[Entries taken from a collection]
-=-=-=-=-
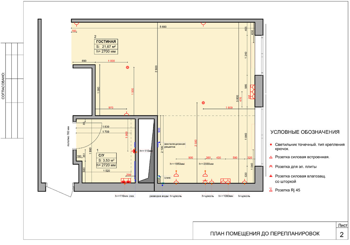 Ко мне обратилась молодая пара ребят за проектом кухни-гостиной в квартире. Квартира шла с отделкой от застройщика и заказчикам хотелось сделать классно, но с минимальными переделками. Сложность заключалось в том, что большая часть встроенной техники уже была куплена. В частности, встроенный холодильник, шириной 750 мм, полноразмерные встроенные посудомойка, духовка, варочная панель и СВЧ. А дальше, со слов заказчицы: "купить-то я купила, а когда мы начали планировать кухню, то поняли, что ничего не влезает. " Покупать технику без планировки всегда рисковое решение. Что-то придется сдавать, перепродать или пытаться чем-то жертвовать. Призываю вас наобум техникой не закупаться. Обратитесь к специалисту за планировкой (это не дизайн-проект, это планировка) На худой конец сами сядьте, прочертите планировку и под нее закупайтесь, если переживаете за курс и дефицит. Кухня электричество, 21,6 м2, высота натяжных потолков 2,7м. Электрика от застройщика тоже была, но ее под цели-залачи Нуж
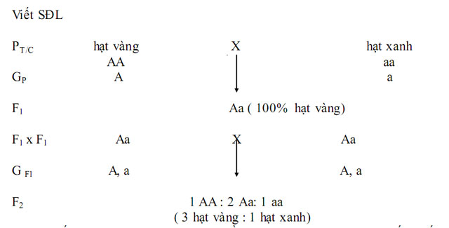 VD1: Tiến hành lai hai giống đậu thuần chủng hạt vàng và hạt xanh, 100%F1 thu được là hạt vàng. Tiếp tục cho F1 lai với nhau. Biện luận và viết SĐL
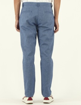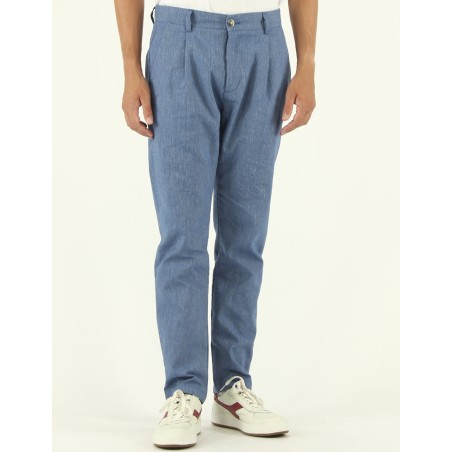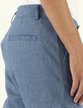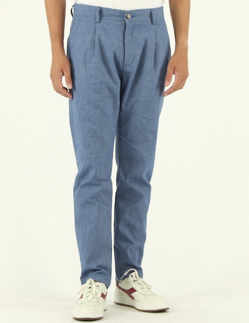 PANTALONE MODELLO NOLTE IN TELA DI COTONE TRAMA RIGATA COLOR AVIO ,TASCHE ALLA FRANCESE SUI FIANCHI , PINCES FRONTALI, TASCHE A FILETTO POSTERIORI , CHUSURA CON PATTA CON ZIP E BOTTONE IN FINTO CORNO
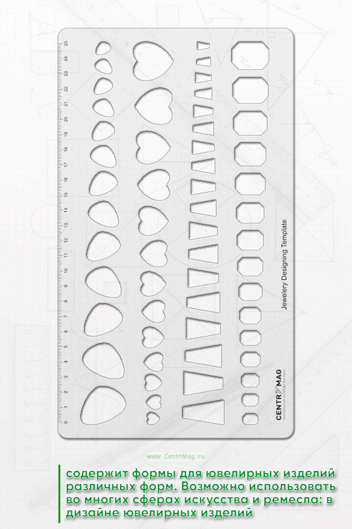 Трафарет содержит различные формы для ювелирных изделий. Возможно использовать во многих сферах искусства и ремесла: в дизайне ювелирных изделий, иллюстраций и открыток, а также для рисования фигур на различных поверхностях.
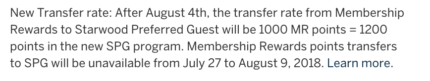 The ability to transfer Membership Rewards to SPG will be shut down between July 27 and August 9 while Amex prepares its back-end for the new transfer scheme in place. Therefore, if you want to pre-emptively transfer Membership Rewards points to the new program under the current regime, the time remaining for you to do so is a matter of days.
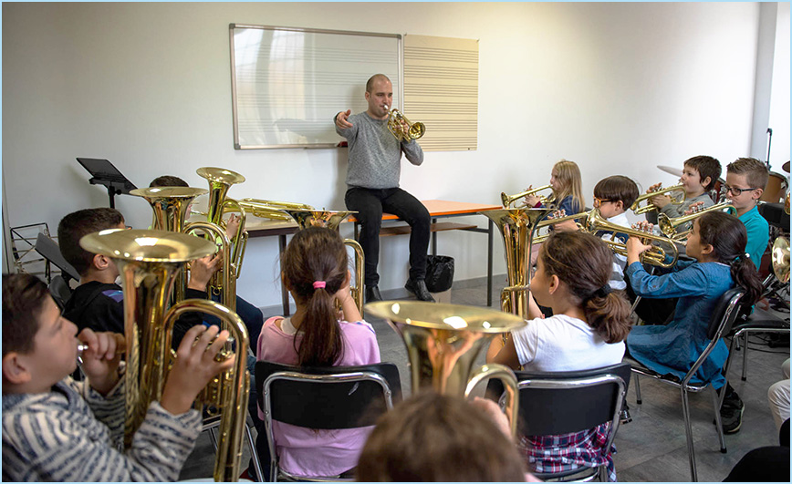 Ensemble de cuivres dirigé par Valentin Conte, professeur et coordinateur intercommunal.C'est la 5ème rentrée enthousiaste du Réseau intercommunal des enseignements artistiques pour Mondragon, Lapalud et Lamotte-du-Rhône. Depuis quelques semaines, les cours et activités hebdomadaires ont repris à l'Ecole de musique intercommunale. Les effectifs affichent près de 160 élèves inscrits et plus de 480 enfants qui vont participer au programme "Musique à l'école" à Lapalud et Mondragon. Ce dispositif éloquent totalise 15 disciplines individuelles et 12 disciplines collectives qui sont enseignées par 10 professeurs. Les deux premières auditions publiques des élèves sont programmées :
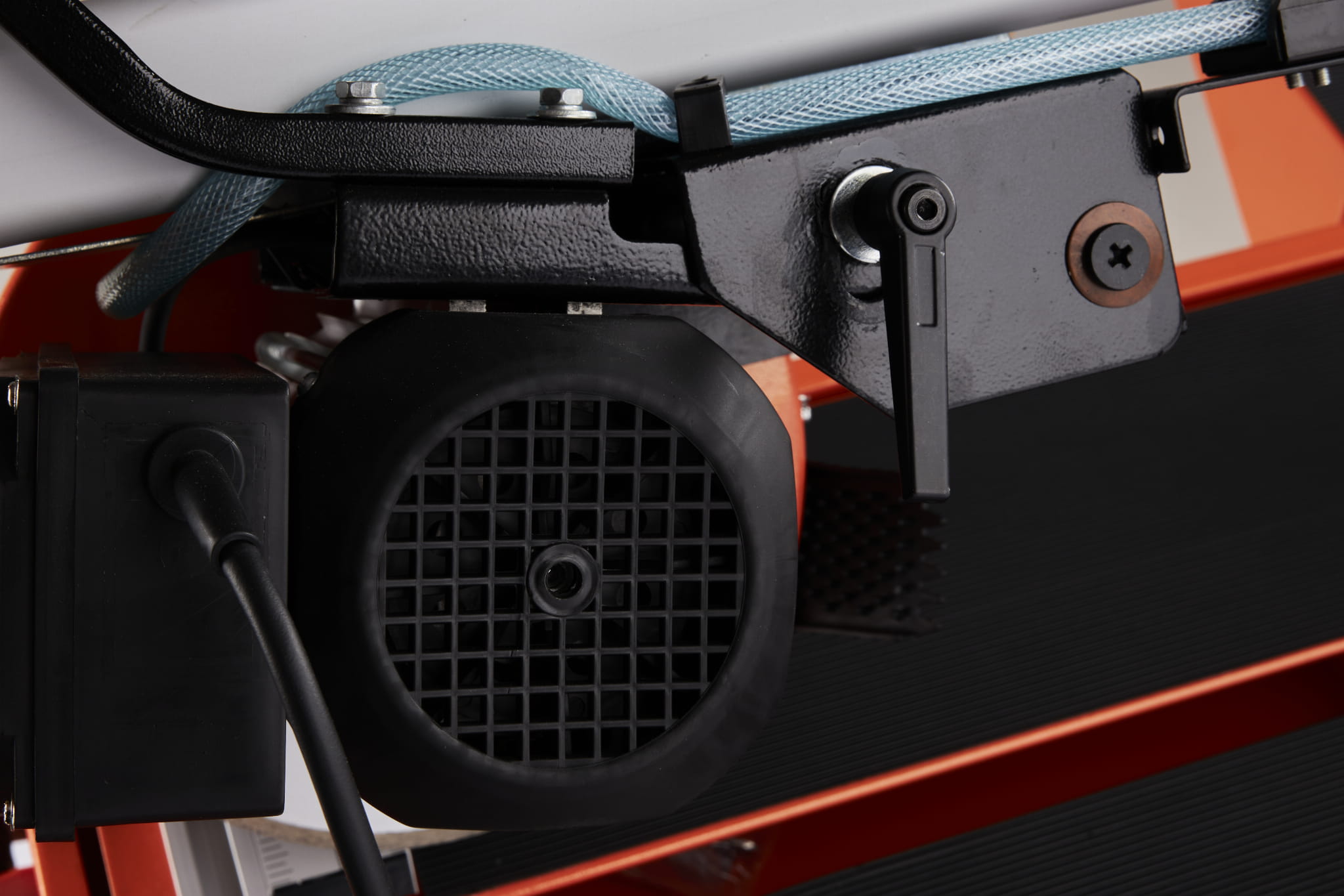 Wbudowana pompka wodna dostarcza wodę bezpośrednio na ostrze podczas cięcia. Chłodzenie tarczy zmniejsza jej zużycie termiczne, ogranicza pylenie i poprawia jakość krawędzi ciętego materiału — szczególnie istotne przy długich sesjach roboczych.
-=-=-=-=-
Reproduce the lines above starting at the one with "PANTALONE MODELLO NOLTE" and ending at the one with "Ensemble de cuivres", both included, exactly and with no pictures.

Response area ▸
 PANTALONE MODELLO NOLTE IN TELA DI COTONE TRAMA RIGATA COLOR AVIO ,TASCHE ALLA FRANCESE SUI FIANCHI , PINCES FRONTALI, TASCHE A FILETTO POSTERIORI , CHUSURA CON PATTA CON ZIP E BOTTONE IN FINTO CORNO
 Трафарет содержит различные формы для ювелирных изделий. Возможно использовать во многих сферах искусства и ремесла: в дизайне ювелирных изделий, иллюстраций и открыток, а также для рисования фигур на различных поверхностях.
 The ability to transfer Membership Rewards to SPG will be shut down between July 27 and August 9 while Amex prepares its back-end for the new transfer scheme in place. Therefore, if you want to pre-emptively transfer Membership Rewards points to the new program under the current regime, the time remaining for you to do so is a matter of days.
 Ensemble de cuivres dirigé par Valentin Conte, professeur et coordinateur intercommunal.C'est la 5ème rentrée enthousiaste du Réseau intercommunal des enseignements artistiques pour Mondragon, Lapalud et Lamotte-du-Rhône. Depuis quelques semaines, les cours et activités hebdomadaires ont repris à l'Ecole de musique intercommunale. Les effectifs affichent près de 160 élèves inscrits et plus de 480 enfants qui vont participer au programme "Musique à l'école" à Lapalud et Mondragon. Ce dispositif éloquent totalise 15 disciplines individuelles et 12 disciplines collectives qui sont enseignées par 10 professeurs. Les deux premières auditions publiques des élèves sont programmées :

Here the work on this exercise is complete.